Now almost none of the world’s languages can be represented properly with the 128 characters of the ASCII code. Even those languages that do use these characters require extra ones such as é, ñ, and the like, and they form a rather influential group. Luckily for them, since binary data are chunked in bytes, every character in an ASCII-encoded string contains a free, extra bit that can be put to good use.

So at some point in the 80’s, many people had the same idea: let’s prepend each of the 128 existing ASCII 7-bit strings with a 0 (so e.g. A goes from 1000001 to 01000001), and we’ll get 128 other bytes (those that begin with 1, such as 11000001) to assign to é, ñ & co. That was a smart move, although obviously no single set of 128 extra characters could satisfy the needs of every language, even in the restricted group of languages with the largest economic weight at that time.

As a result, while everyone agreed about what came to be known as low ASCII (namely from 00000000 to 01111111) a number of distinct proposals were made for high or extended ASCII (from 10000000 to 11111111), and each such proposal was called a code page. In particular, the ISO-8859 norm is a widely used set of 16 code pages which assign various characters to each high-ASCII byte: for instance, 11110001 is ñ in ISO-8859-1 (aka Latin-1), ? in ISO-8859-2, ? in ISO-8859-5, ? in ISO-8859-7, and so on. And many more code pages have been proposed, notably by major players in the computer and software industry.


For work that does not require using more than one code page at a time, the code page system works rather well—as long as the elements of your work environment (hardware, software, data) are all attuned. When they cease to be, for instance because your text file is in ISO-8859-1 and your text processor believes it to be in plain ASCII, there comes the ????. With the advent of the World Wide Web in the 90’s, having to deal with documents in a wealth of mostly unidentified code pages became normal, and the need for a better solution became more obvious than ever. The solution that has been most widely adopted is Unicode.
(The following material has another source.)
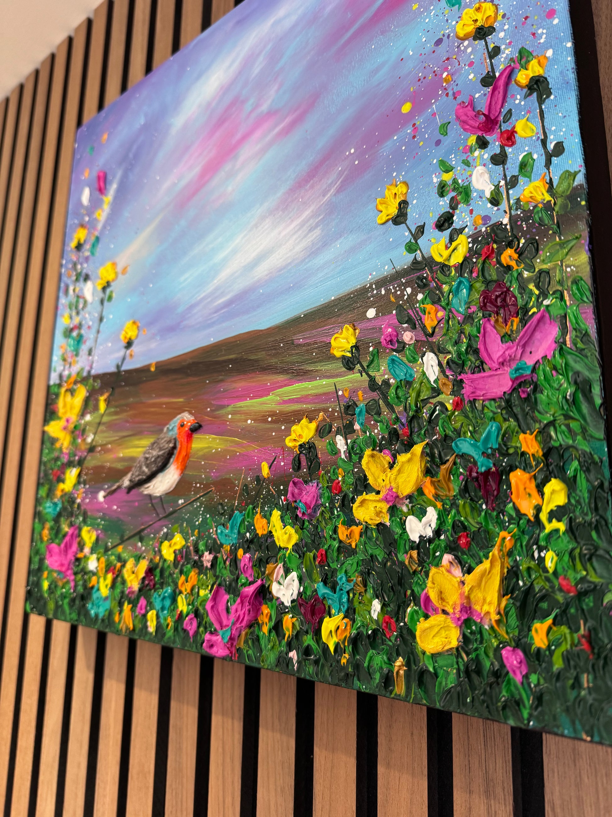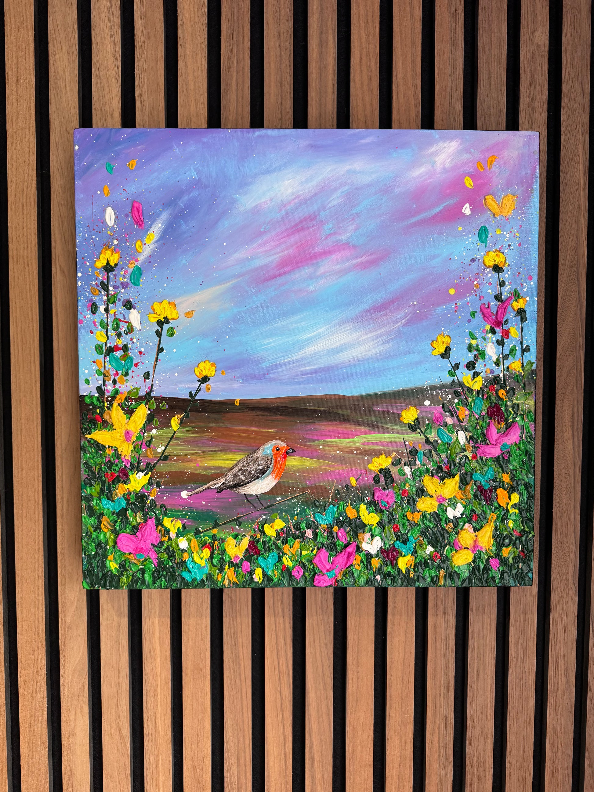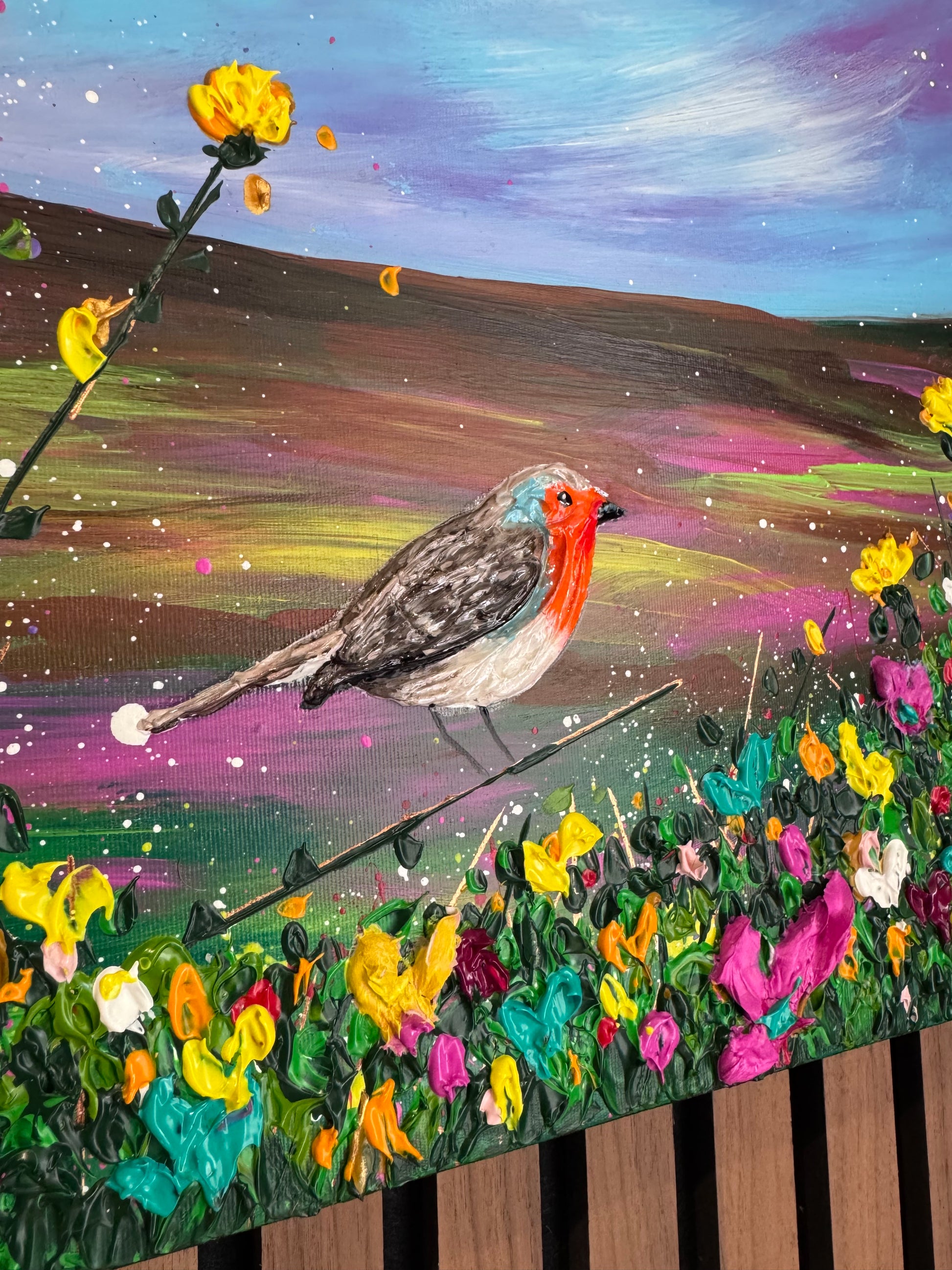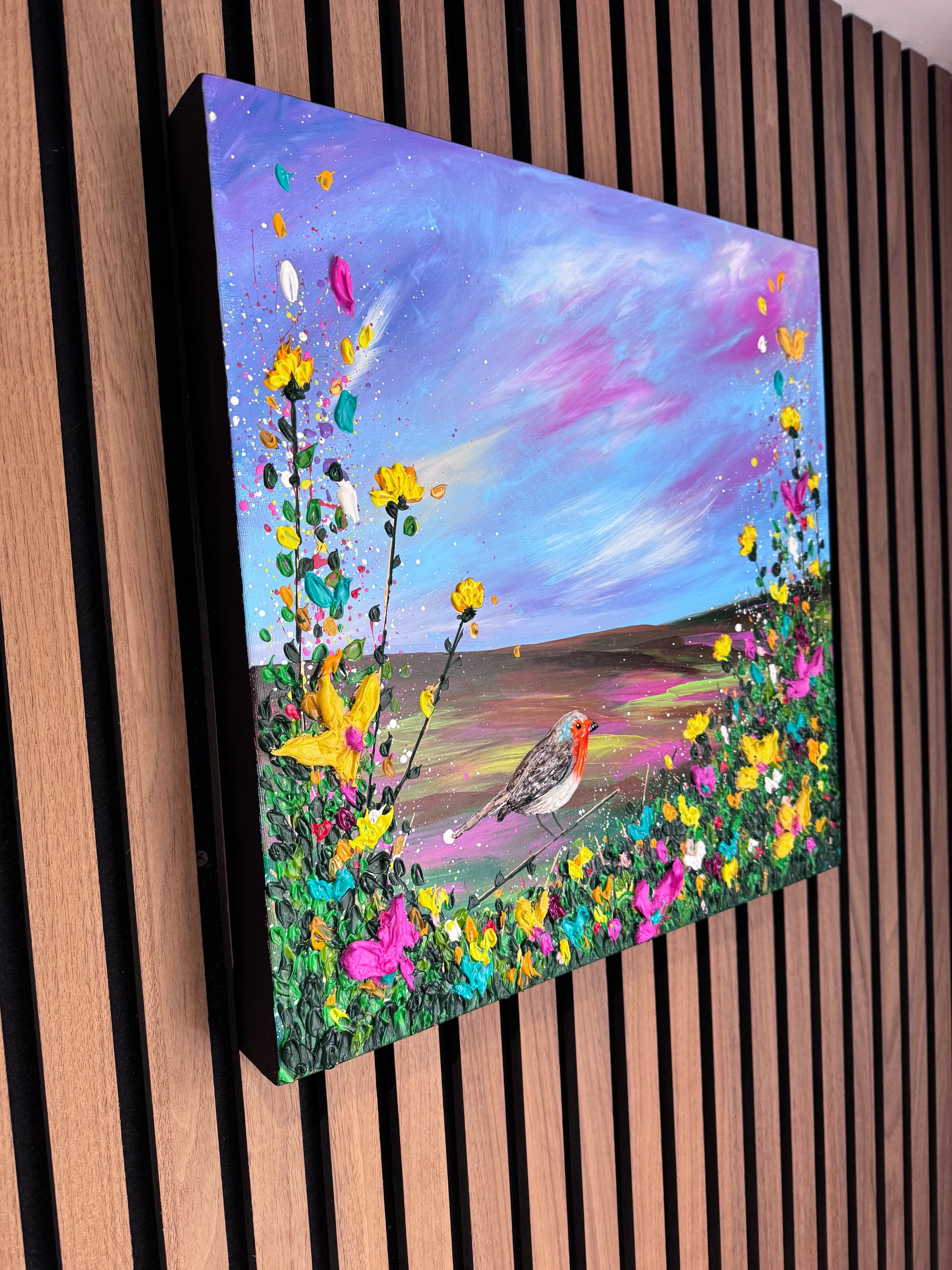“A Cherished Moment” carries a deeper emotional intensity, with a richer, more vibrant sky that evokes memory, warmth, and enduring connection. The robin sits quietly within a burst of textured florals — grounded, present, and symbolic.

As suggested by its name, Unicode has the considerable ambition of offering a single, unified solution to the problem of text encoding, one that works for all languages of the known world and beyond. It is based on couple of simple and powerful insights, the most important of which is arguably that all characters of all alphabets should be assigned a unique and permanent number (a “code point”, in technical jargon), regardless of the scheme that will be used to represent these numbers in the memory of a given device. Building and maintaining this huge directory of characters (113,021 as of June 2014) has kept the Unicode Consortium busy for more than two decades.
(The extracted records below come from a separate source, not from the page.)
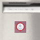 Nautical design with hand drawn anchor decoration on blue, red and white striped background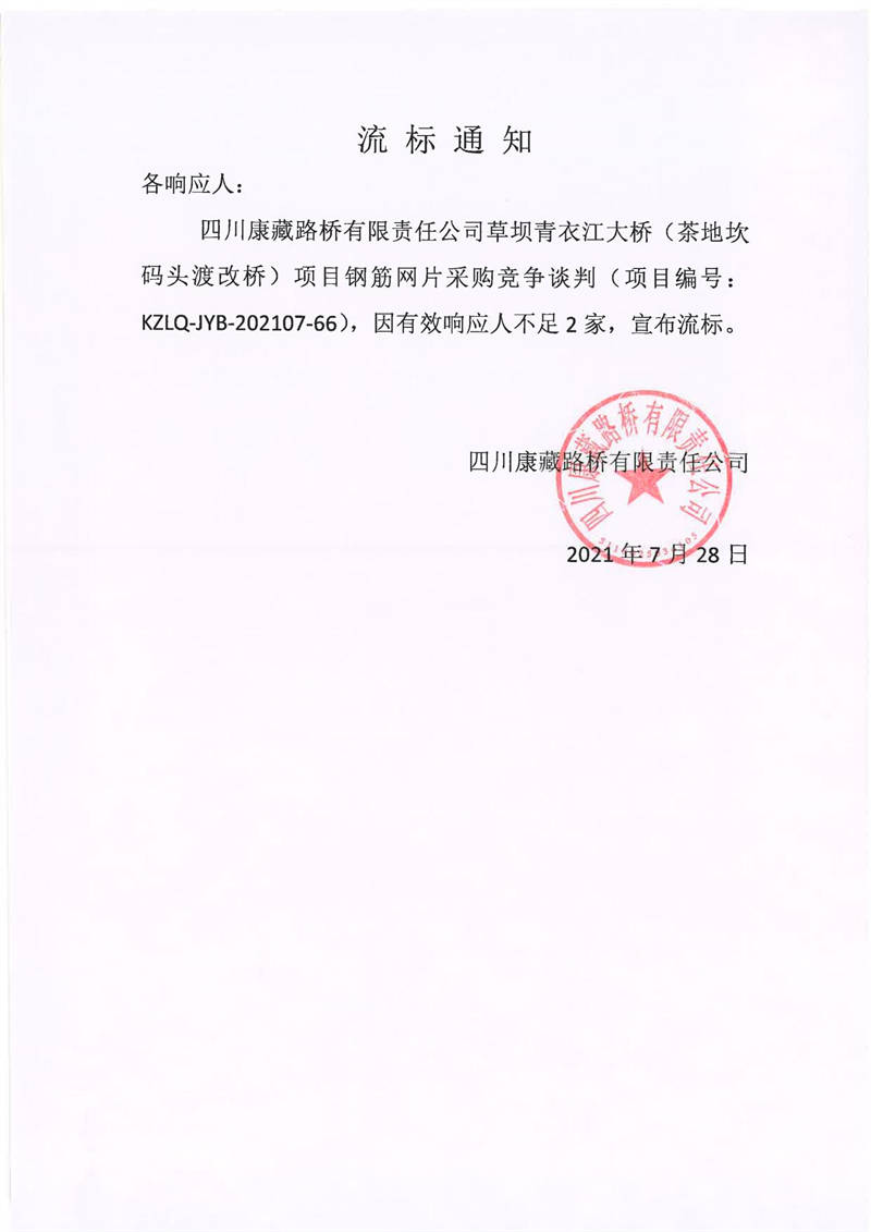 四川康藏路橋有限責(zé)任公司草壩青衣江大橋(茶地坎碼頭渡改橋)項(xiàng)目鋼筋網(wǎng)片采購(gòu)競(jìng)爭(zhēng)談判流標(biāo)通知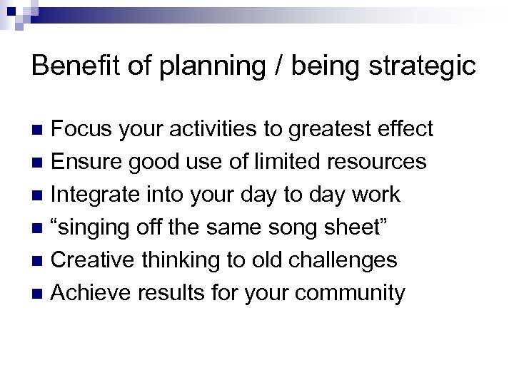 Benefit of planning / being strategic Focus your activities to greatest effect n Ensure good use of limited resources n Integrate into your day to day work n “singing off the same song sheet” n Creative thinking to old challenges n Achieve results for your community n

Unicode code points still have to be represented in memory somehow, and this is where things become more complicated (again). Indeed there are several ways of doing so (yes, again), the details of which are beyond the scope of this post. The most often used Unicode encodings are UTF-16 (which itself comes in two flavors called low-endian and big-endian), and UTF-8. UTF-8 encodes each code point in a variable number of bytes (from 1 to 4), with the nice feature that the 128 ASCII characters are encoded with a single byte, exactly like in the ASCII code; thus every ASCII-encoded string is also, in fact, a valid UTF-8 string and vice-versa. In a domain that remains strongly anglocentric, this property of UTF-8 has probably played an important role in its impressive adoption rate.

Coda and acknowledgments

There is a lot more to say about text encoding (including byte-order marks, combining characters, and so on), and I intend to say more in other posts, in particular in a follow-up about best practices. For the time being, I believe that this post provides enough background knowledge to understand why I recommend those practices—that is, when they’re posted. If you think otherwise, or if you think anything about this material, by all means leave a reply and let me know.

A lot of the inspiration for this post comes from an excellent and classical piece by Joel Spolsky. I’ve basically tried to do for an intended audience of non-technical users with a specific interest in text data what he did brilliantly for software developers.